The EIA’s calculation “only counts utility-scale projects, so solar and batteries at homes and businesses will yield an even bigger clean energy tally,” Greentech notes. But even so, “the numbers indicate that the power industry has not simply accepted wind and solar power, but embraced them to such an extent that they dominate new construction. Of the new plants built this year, 84% will deliver electricity without burning fossil fuels.”

Greentech reporter Julian Spector calls that “a remarkable shift from the market landscape just a few years ago,” reflecting “continued cost declines as the industry scales up and renewable supply chains mature.” The numbers land as the Biden-Harris administration takes office with a US$2-trillion climate and green recovery plan [3] in its (proverbial) back pocket, with utility buy-in making the shift off carbon look “less threatening to industry,” he says.
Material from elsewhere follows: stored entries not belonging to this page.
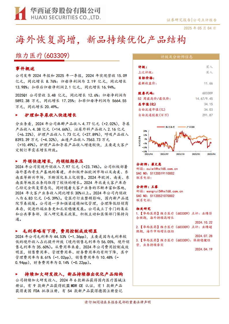 基于维力医疗2024年及2025年第一季度的稳健表现,以及其在海外市场的强劲增长势头和持续的研发创新投入,华西证券对公司的盈利预测进行了调整。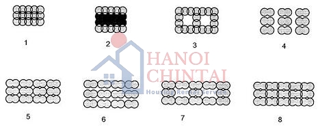 Hình - Bố trí trụ trộn ướt trên biển:1- Kiểu khối , 2 - Kiểu tường, 3- Kiểu kẻ ô, 4 - Kiểu cột, 5- Cột tiếp xúc, 6- Tường tiếp xúc, 7- Kẻ ô tiếp xúc, 8- Khối tiếp xúc.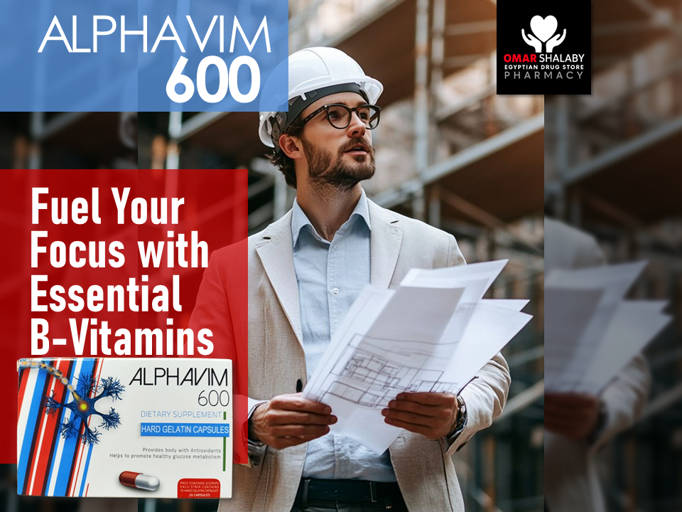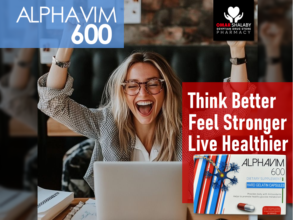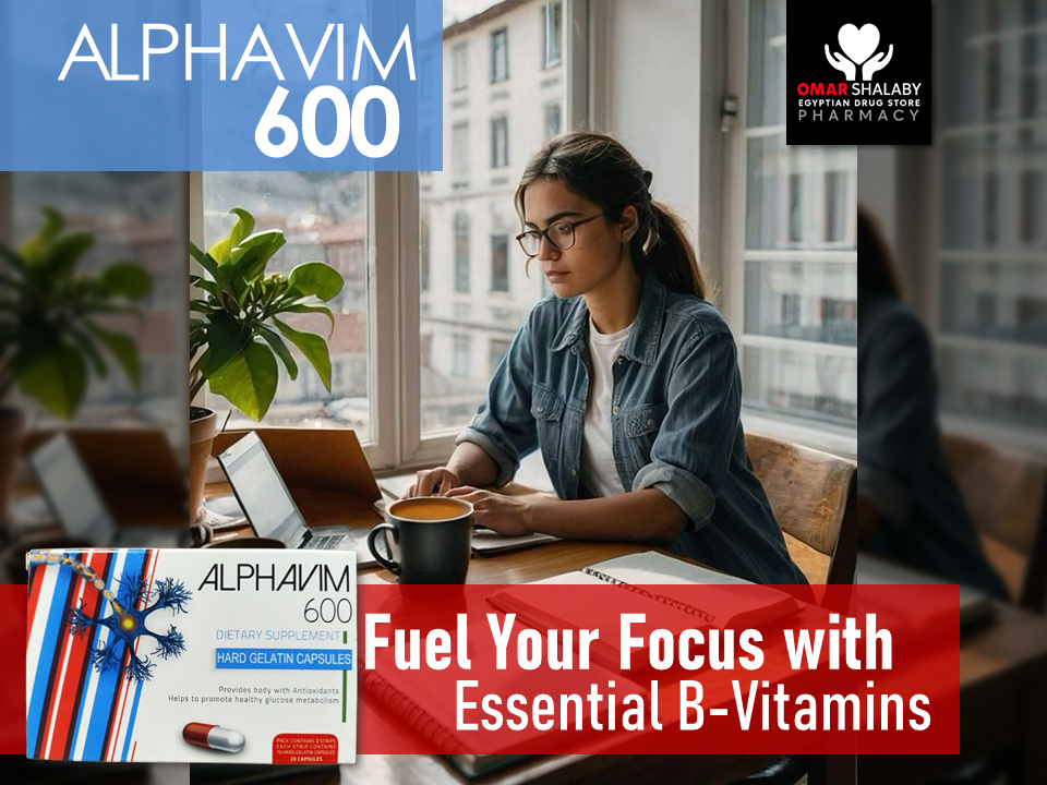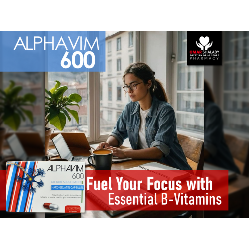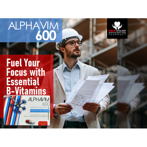 Alphavim 600 combines alpha lipoic acid, Ginkgo biloba extract, and essential B-vitamins (B6, folic acid, and vitamin B12) to support nerve health, cognitive function, and metabolic processes.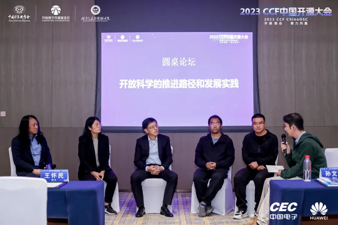 在最后的圆桌讨论环节,嘉宾们分别从开放科学的供给、新兴技术增强和平台效应挑战等多个方面探讨了开放科学的发展路线和实践落地。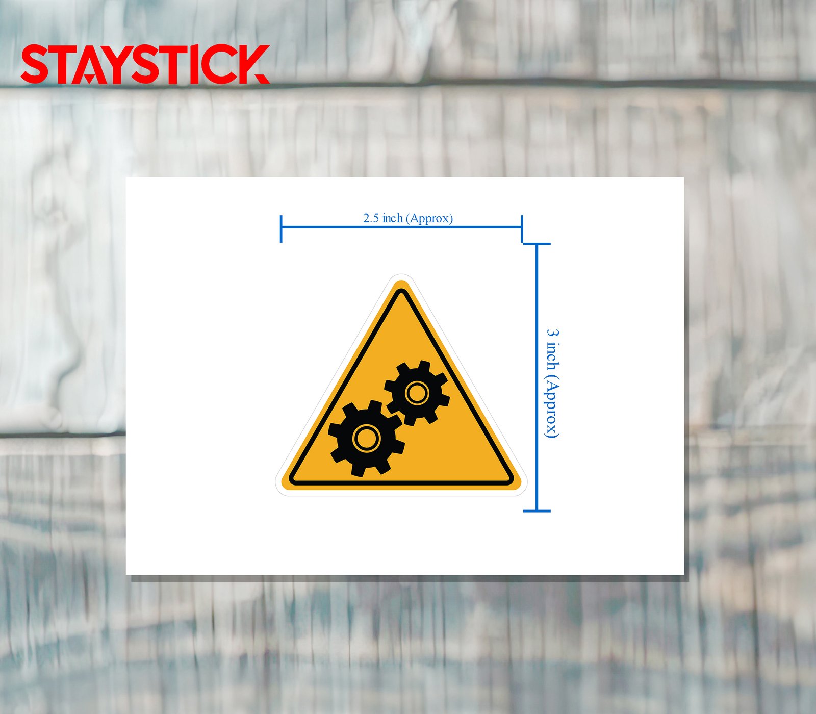 This warning sticker features a yellow triangular background with a bold black border and two interlocking gear symbols in the center. It is commonly used to indicate the presence of machinery with rotating or moving parts that may pose a danger of entanglement, crushing, or injury if not handled carefully. The design serves as a clear visual warning for workers and visitors to stay cautious around mechanical equipment, reminding them to follow safety measures such as keeping hands, clothing, and tools away from gears. Frequently used in factories, workshops, and industrial sites, this sticker is essential for promoting workplace safety and preventing accidents.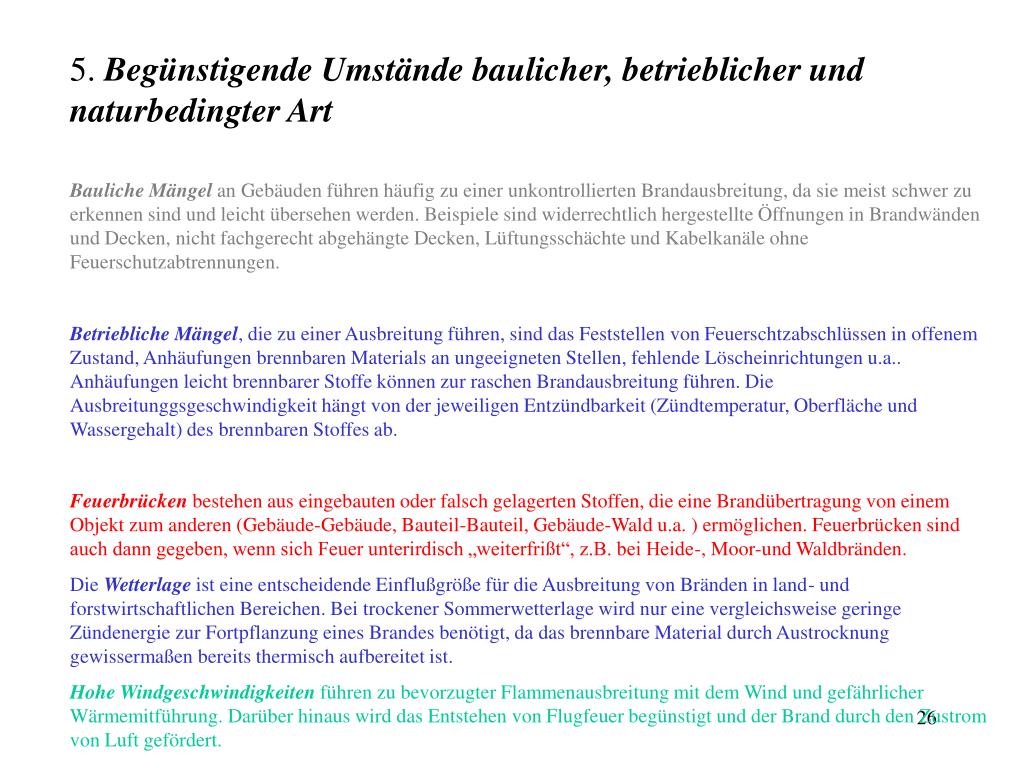 5. Begünstigende Umstände baulicher, betrieblicher und naturbedingter Art Bauliche Mängel an Gebäuden führen häufig zu einer unkontrollierten Brandausbreitung, da sie meist schwer zu erkennen sind und leicht übersehen werden. Beispiele sind widerrechtlich hergestellte Öffnungen in Brandwänden und Decken, nicht fachgerecht abgehängte Decken, Lüftungsschächte und Kabelkanäle ohne Feuerschutzabtrennungen. Betriebliche Mängel, die zu einer Ausbreitung führen, sind das Feststellen von Feuerschtzabschlüssen in offenem Zustand, Anhäufungen brennbaren Materials an ungeeigneten Stellen, fehlende Löscheinrichtungen u.a.. Anhäufungen leicht brennbarer Stoffe können zur raschen Brandausbreitung führen. Die Ausbreitunggsgeschwindigkeit hängt von der jeweiligen Entzündbarkeit (Zündtemperatur, Oberfläche und Wassergehalt) des brennbaren Stoffes ab. Feuerbrücken bestehen aus eingebauten oder falsch gelagerten Stoffen, die eine Brandübertragung von einem Objekt zum anderen (Gebäude-Gebäude, Bauteil-Bauteil, Gebäude-Wald u.a. ) ermöglichen. Feuerbrücken sind auch dann gegeben, wenn sich Feuer unterirdisch „weiterfrißt“, z.B. bei Heide-, Moor-und Waldbränden. Die Wetterlage ist eine entscheidende Einflußgröße für die Ausbreitung von Bränden in land- und forstwirtschaftlichen Bereichen. Bei trockener Sommerwetterlage wird nur eine vergleichsweise geringe Zündenergie zur Fortpflanzung eines Brandes benötigt, da das brennbare Material durch Austrocknung gewissermaßen bereits thermisch aufbereitet ist. Hohe Windgeschwindigkeiten führen zu bevorzugter Flammenausbreitung mit dem Wind und gefährlicher Wärmemitführung. Darüber hinaus wird das Entstehen von Flugfeuer begünstigt und der Brand durch den Zustrom von Luft gefördert.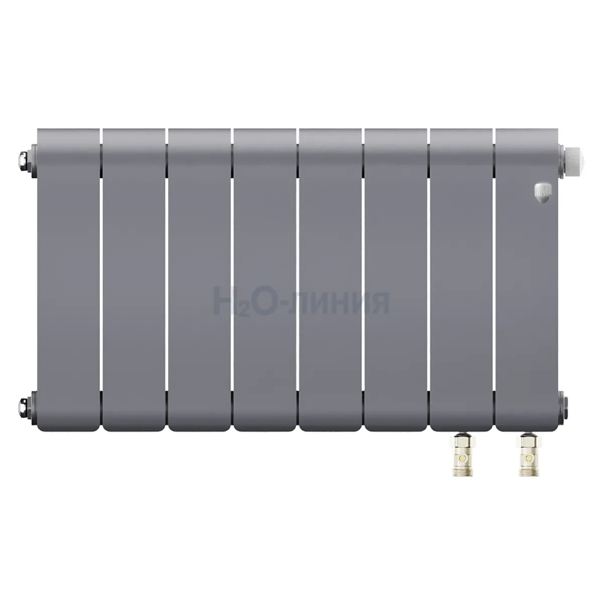 Нижнее подключение: в комплекте вентильная вставка M30x1,5, направляющая потока, кран Маевского в цвет радиатора, гайки с заглушкой в цвет радиатора.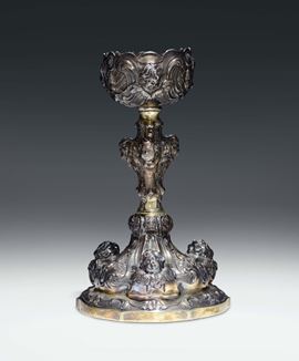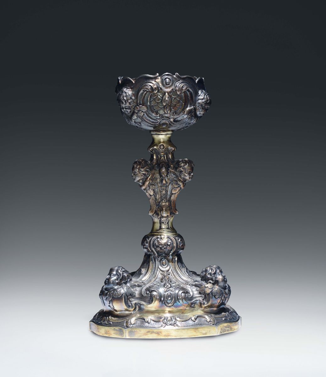 Base gradinata e sagomata con decori a volute e teste di cherubini aggettanti ripetuti sul nodo e nel sottocoppa.Altezza cm 20, gr. 420 circa (coppa mancante)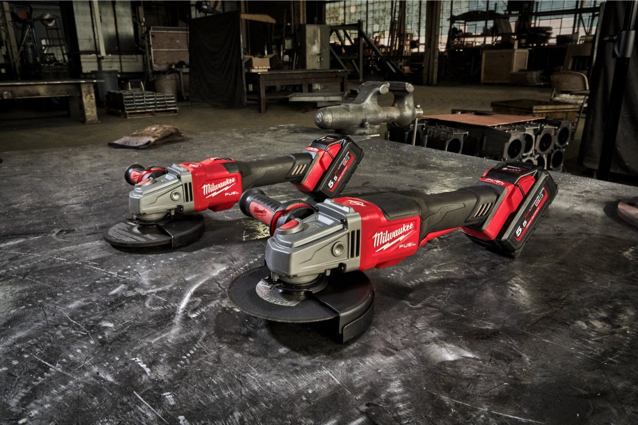 M18™ HIGH OUTPUT™ 125 mm malá úhlová bruska, která zvládne až 145 řezů do trubky z nerezu s průměrem 2″ na jedno nabití akumulátoru 5.5 Ah.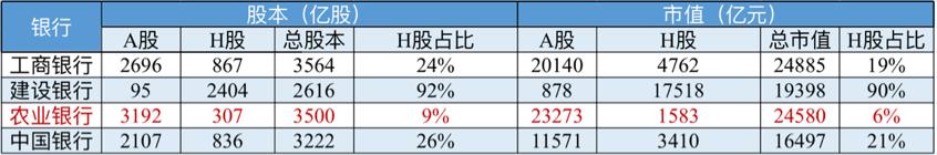 不过值得注意的是,在A+H上市的四大行中,农业银行H股流通股占比最低,也是使得其总市值“看上去”更高的客观因素。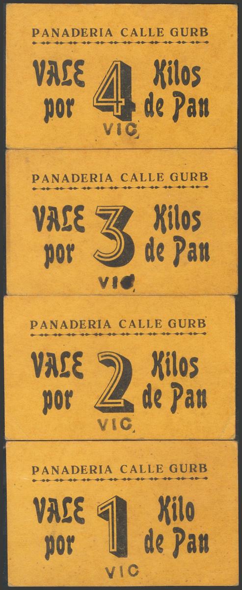 (1937ca). Conjunto de 4 vales de la Panadería Calle Gurb de 1 Kilo, 2 Kilos, 3 Kilos y 4 Kilos de pan. EBC-.
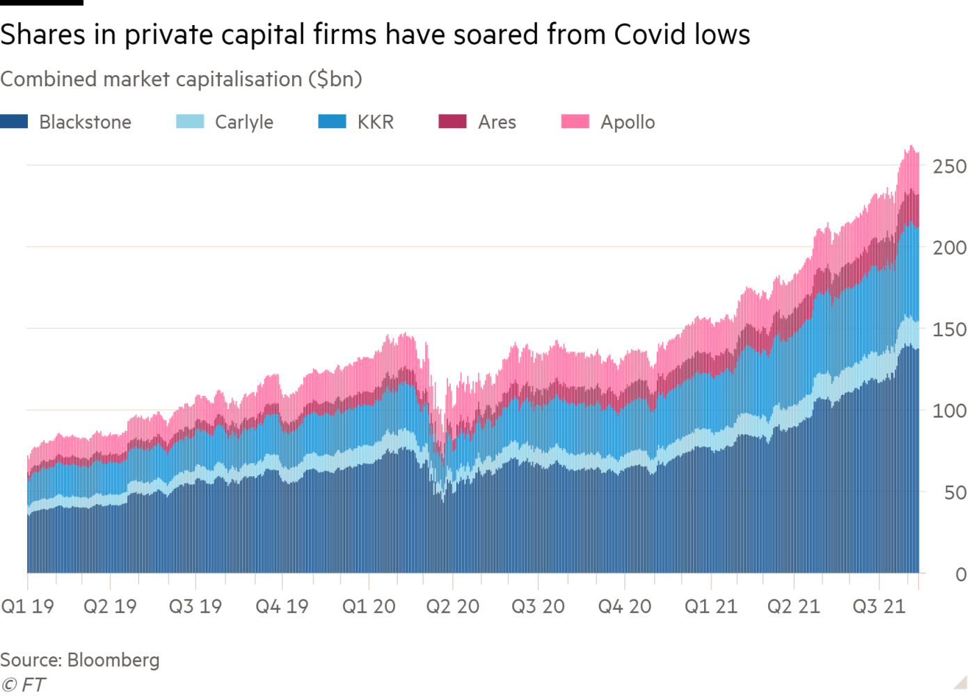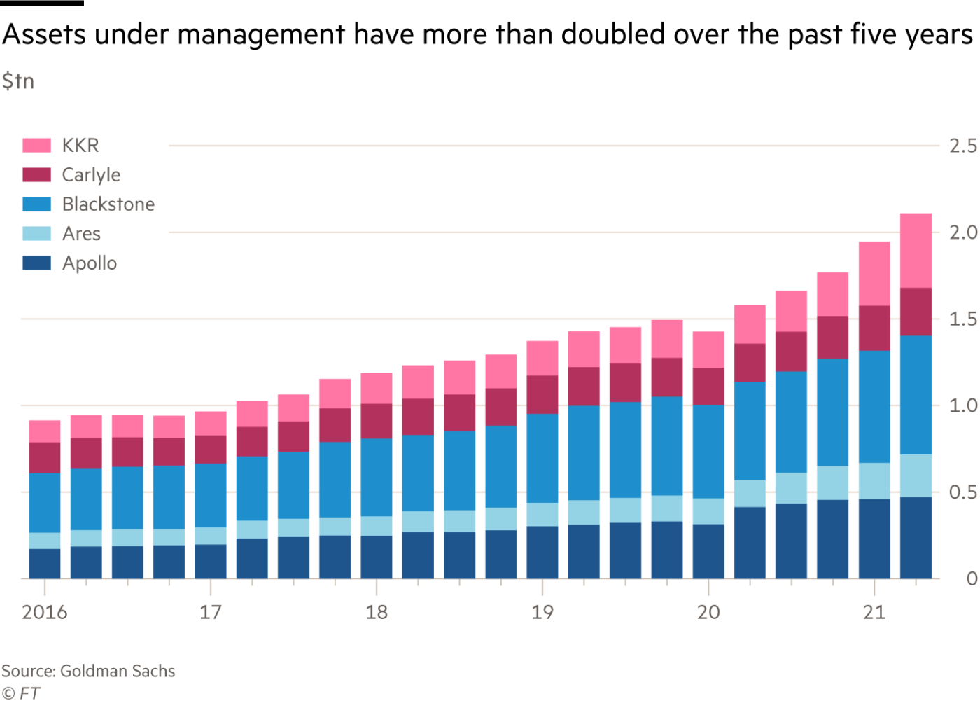 Marja Financial Times-a istinadla xəbər verir ki, təkcə 5 Amerikan şirkətinin (Blackstone, KKR, Carlyle, Apollo və Ares) bazar dəyəri ötən ilin martından bəri üçqat artaraq, 252 milyard dollara çatıb. 2020-ci ilin martında bu rəqəm cəmi 80 milyard dollar idi.

Earlier in the month, S&P Global Market Intelligence projected the U.S. will add 172.5 gigawatts (that’s 172.5 billion watts) of new renewable energy capacity through 2024, including 96.8 gigawatts of solar and 75.7 GW of wind.

“While some of the projects may not cross the finish line, especially those in early development phases, wind and solar projects totalling 30.7 GW of capacity are now under construction,” S&P writes [4], in a post republished by the Institute for Energy Economics and Financial Analysis. “Meanwhile, 18.2 GW of projects are in advanced development, 109.3 GW are in early development, and developers announced 14.1 GW of new projects.”